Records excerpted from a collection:
........

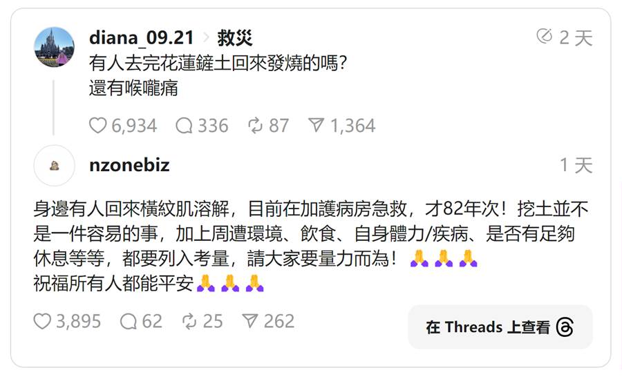 有一名網友更透露,身邊一名32歲的志工因投入災區挖土救援,疑因過度勞累不慎引發「橫紋肌溶解癥」,目前正在加護病房接受緊急治療。他也提醒,「挖土並不是一件容易的事,加上周遭環境、飲食、自身體力,有無疾病、是否有足夠休息等等,都要列入考量,請大家要量力而為!」。
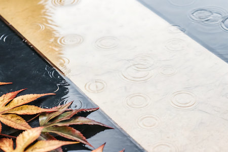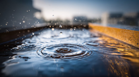 Captivating close-up of raindrops splashing against wet pavement, showcasing ripples and reflections in an urban environment, creating a serene atmosphere.
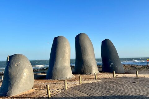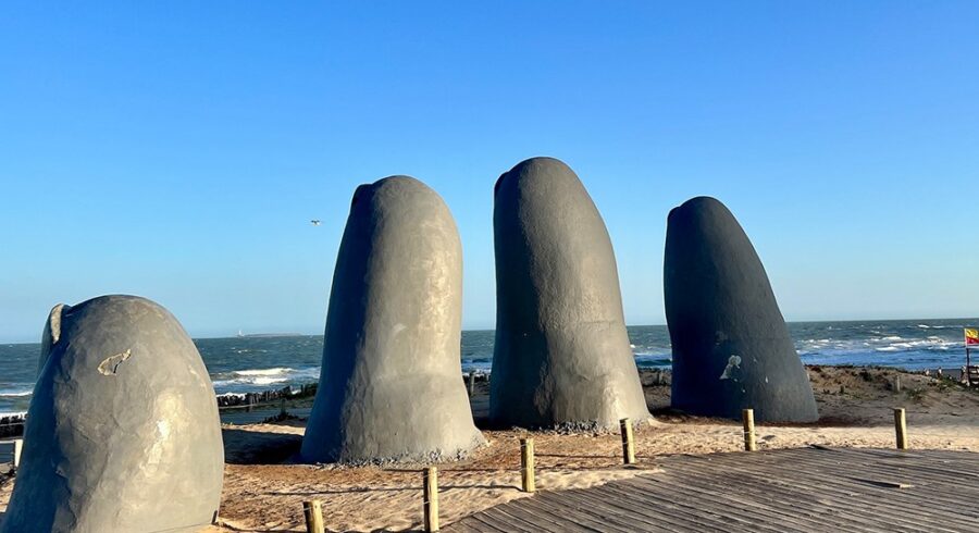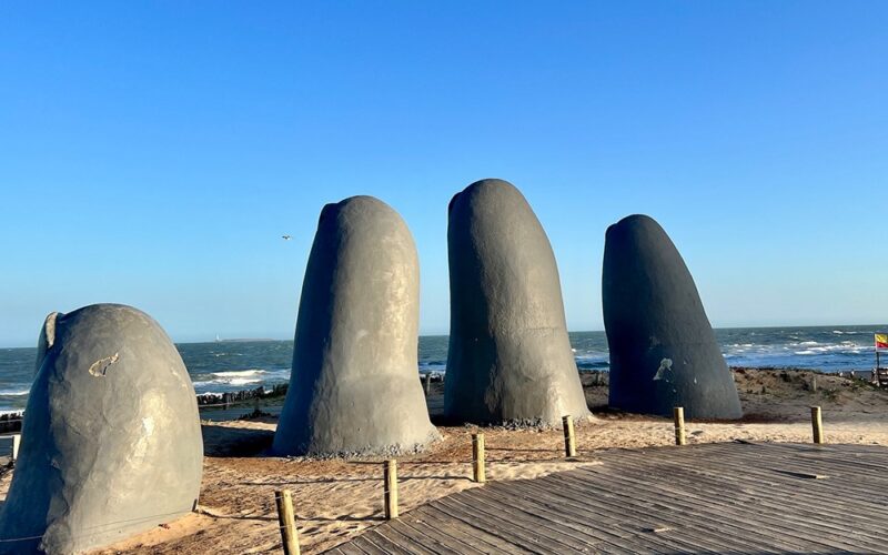 Saída de Montevidéu, no caminho vista panorâmica das praias de Montevidéu e da Costa do Ouro, em direção a Punta Ballena para visitar a famosa Casa Pueblo (sem acesso), casa e escultura de Carlos Paez Vilaros, pintor uruguaio.
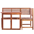 The table and corner bench are made of high-quality acacia wood, a tropical hardwood that is weather-resistant, highly durable, and suitable for outdoor use. The oil-finished surface is easy to clean with a damp cloth. The table folds for easy storage and transport. The set is easy to assemble.
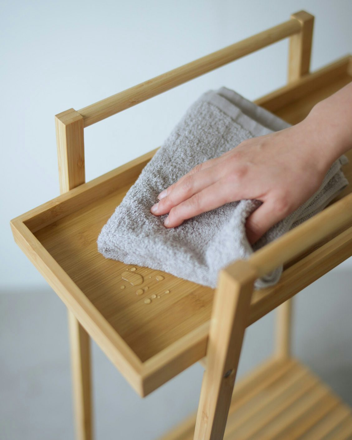 湿気の多い場所でも快適に使えるよう、本体にはクリア塗装を施しています。水気や汚れが気になったときも、さっと拭けばお手入れ完了。
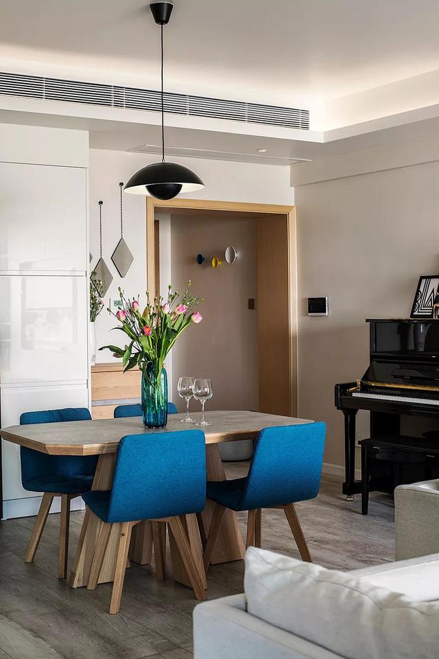 實木打造的一套餐桌,以藍色靠背的餐桌椅補充了活躍度,顯得安靜又不會跳脫。
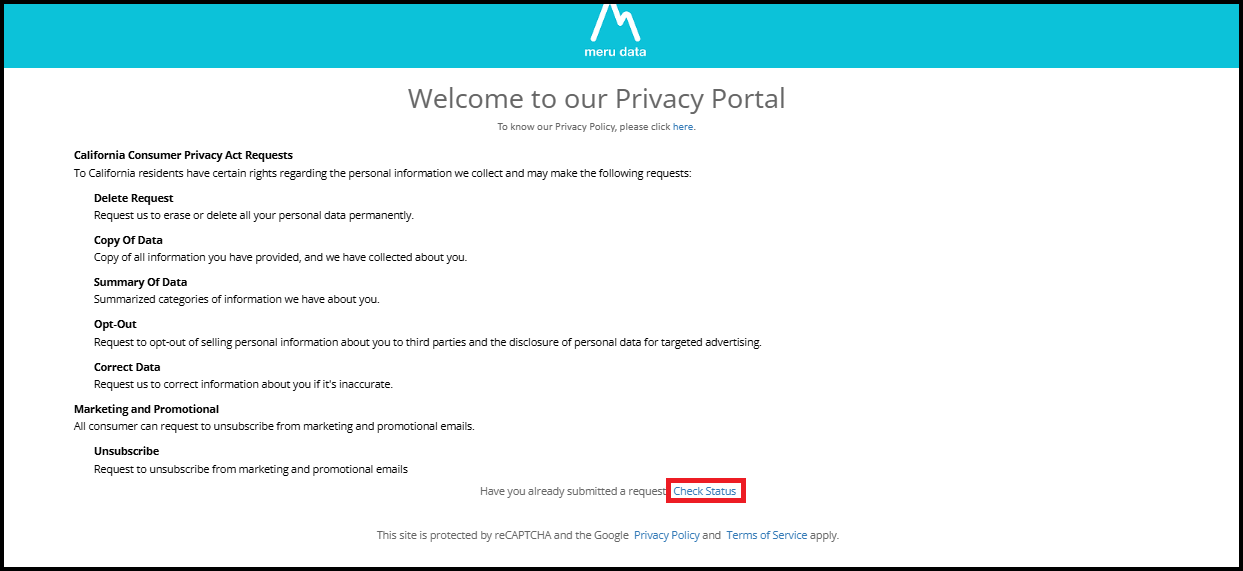 1. Clicking Check Status will navigate you to the Privacy Portal Login page, where you can log in, to view the status of your submitted request.
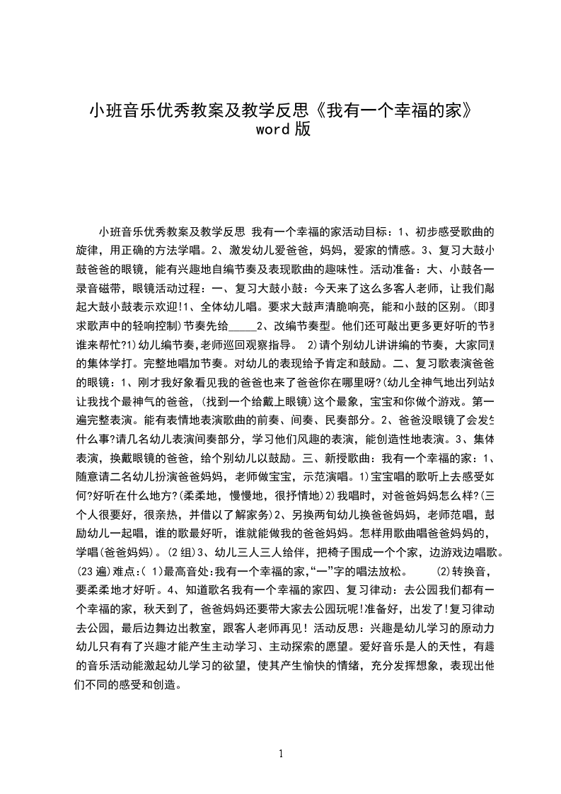 小班音乐优秀教案及教学反思 我有一个幸福的家活动目标:
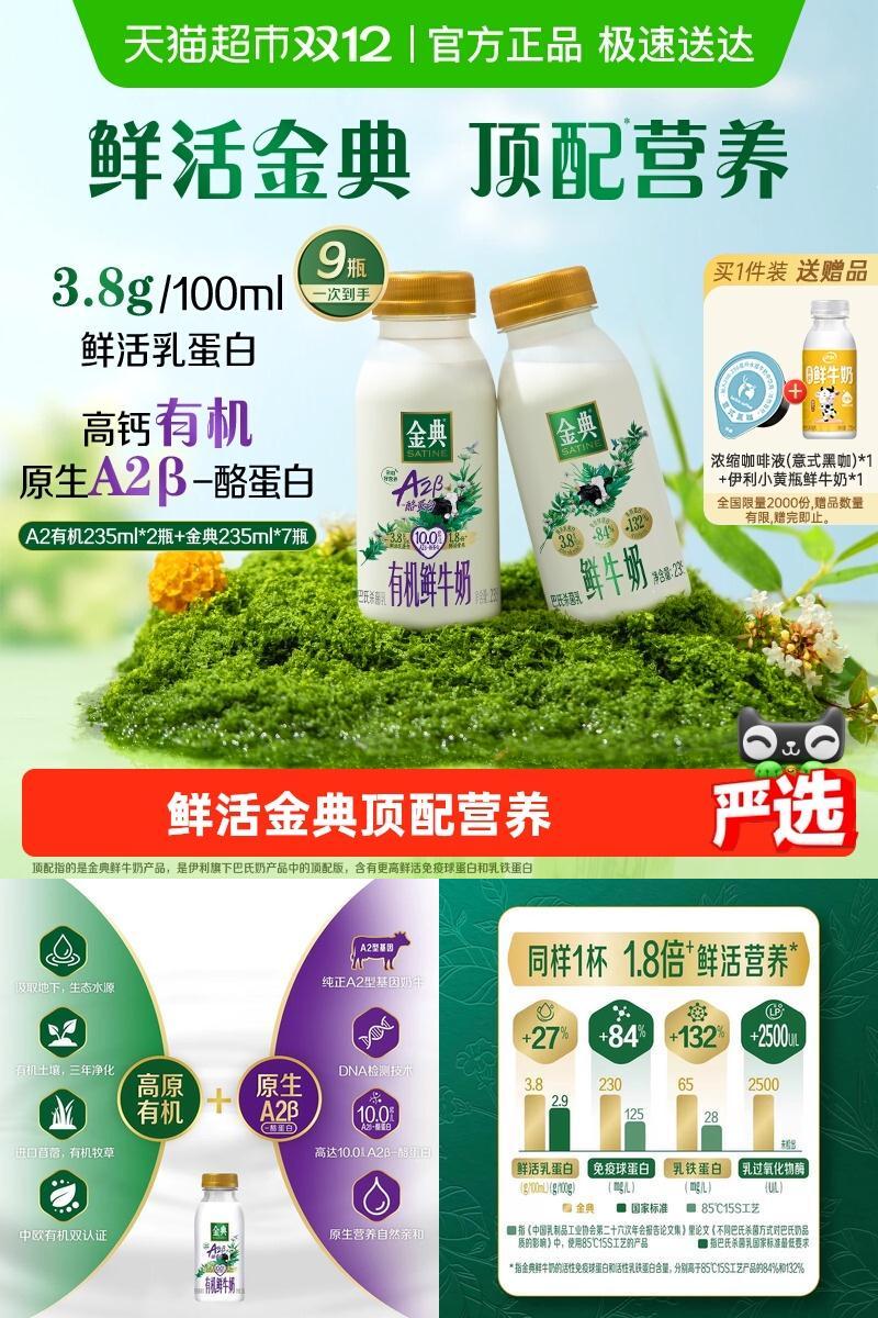 98元 天猫超市 伊利金典A2有机鲜牛奶

........

**ACTION ITEM**
Look above for the line with "Captivating close-up of"; quote it and every line after it, stopping after the line with "實木打造的一套餐桌,以藍色靠背的餐桌椅補充了活躍度,顯得安靜又不會跳脫。", exactly, with nothing added and without pictures.

**RESPONSE TO THIS EXERCISE**
 Captivating close-up of raindrops splashing against wet pavement, showcasing ripples and reflections in an urban environment, creating a serene atmosphere.
 Saída de Montevidéu, no caminho vista panorâmica das praias de Montevidéu e da Costa do Ouro, em direção a Punta Ballena para visitar a famosa Casa Pueblo (sem acesso), casa e escultura de Carlos Paez Vilaros, pintor uruguaio.
 The table and corner bench are made of high-quality acacia wood, a tropical hardwood that is weather-resistant, highly durable, and suitable for outdoor use. The oil-finished surface is easy to clean with a damp cloth. The table folds for easy storage and transport. The set is easy to assemble.
 湿気の多い場所でも快適に使えるよう、本体にはクリア塗装を施しています。水気や汚れが気になったときも、さっと拭けばお手入れ完了。
 實木打造的一套餐桌,以藍色靠背的餐桌椅補充了活躍度,顯得安靜又不會跳脫。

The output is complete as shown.